A U.N. spokeswoman on Tuesday said armed Arabs - men who have volunteered to fight with the Taliban or bin Laden - broke into aid agency offices and clashed violently with Taliban police in southern Afghanistan over the weekend.

"The law and order situation in Kandahar appears to be breaking down," U.N. spokeswoman Stephanie Bunker told reporters in Islamabad, referring to the Taliban's southern stronghold.

The destruction of the Red Cross's warehouse is also fuelling concerns over the accuracy of the "targeted" military campaign in Afghanistan and its impact on the civilian population.

The destruction of the facility came as the U.S.-led offensive took a new turn with special forces gunships zeroing in on Taliban militia fighters in the first low-level aerial attacks of the nine-day campaign.

The White House would not immediately confirm the bombing of the ICRC storage unit, saying it might have been hit by falling anti-aircraft ordinance.

White House spokesman Ari Fleischer also ruled out any pause in the aerial campaign, despite a reported appeal from the Taliban for a let up.

"The president is not pursuing such a course because he does not think that it would be constructive," Fleischer told reporters.

Residents in the southern Taliban stronghold of Kandahar said intense U.S. raids continued throughout the day with planes buzzing overhead and repeated explosions around the southern city.

Targets inside the capital Kabul were hit in the early afternoon and late evening.

The daytime raids followed all-night attacks involving at least two AC-130 gunships - a heavily armored plane with formidable cannon firepower and a helicopter-like ability to move slowly over battlegrounds.

US defense officials said the planes, which can circle around a target using infrared sensors and radar to direct a precise deluge of cannon fire, were used against a Taliban troop complex in Kandahar.

Experts said deployment of the AC-130s could also indicate that U.S. forces were preparing to send ground troops to hunt bin Laden.

The head of the Taliban's information agency, Abdul Hanan Hemat, said the Kandahar raids left 33 civilians dead, five after a medical clinic was bombed.

In Kabul, at least seven loud explosions were heard early Tuesday, one causing a huge plume of black smoke in the north of the city where a military compound is believed to be located.

Kabul's beleaguered population had woken to find their electricity cut off after bombs struck the main power station, but by late afternoon it had been restored.

The anti-Taliban Northern Alliance has offered to cooperate with the U.S. air attacks, but its ground forces, just 50 kilometers (30 miles) north of Kabul, have remained idle.

Sporadic fighting continued Tuesday near the airport outside the strategic northern city of Mazar-i-Sharif, south of the border with Uzbekistan. 

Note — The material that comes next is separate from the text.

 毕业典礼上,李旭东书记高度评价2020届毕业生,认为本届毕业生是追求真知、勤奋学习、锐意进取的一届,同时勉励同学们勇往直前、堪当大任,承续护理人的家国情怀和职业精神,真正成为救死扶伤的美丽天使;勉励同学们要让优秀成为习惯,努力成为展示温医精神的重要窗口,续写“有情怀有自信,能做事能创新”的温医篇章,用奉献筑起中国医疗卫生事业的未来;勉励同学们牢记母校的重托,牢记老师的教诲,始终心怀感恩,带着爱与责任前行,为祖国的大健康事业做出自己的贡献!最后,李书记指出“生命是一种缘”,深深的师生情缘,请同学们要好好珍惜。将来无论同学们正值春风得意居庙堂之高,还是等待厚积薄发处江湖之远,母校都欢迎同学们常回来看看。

"We are near Mazar-i-Sharif airport. We expect to take the city within the next day or two, but we will do it gradually," opposition commander Mohammad Atta said by satellite telephone from the frontline.

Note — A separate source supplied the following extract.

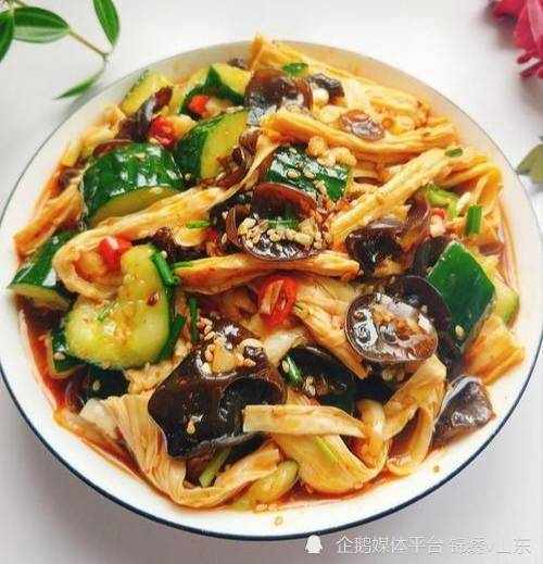 食材:黃瓜1根,腐竹2根,木耳1把,香菜2根。大蒜5個,生抽1勺,米醋1勺,油辣子1勺

"Once Mazar is captured, the other provinces of the north - Balkh, Samangan, Faryab and lastly Kunduz - with fall very quickly in the coming weeks," he added.

U.S. Secretary of State Colin Powell met Tuesday with Pakistan President Pervez Musharraf in an effort to consolidate Islamabad's support for the campaign.

After their talks, Musharraf reiterated Islamabad's backing for military action, saying "we will certainly carry on cooperating as long as the operation lasts."

But he told a press conference that Pakistan believed the campaign should be "short and targeted."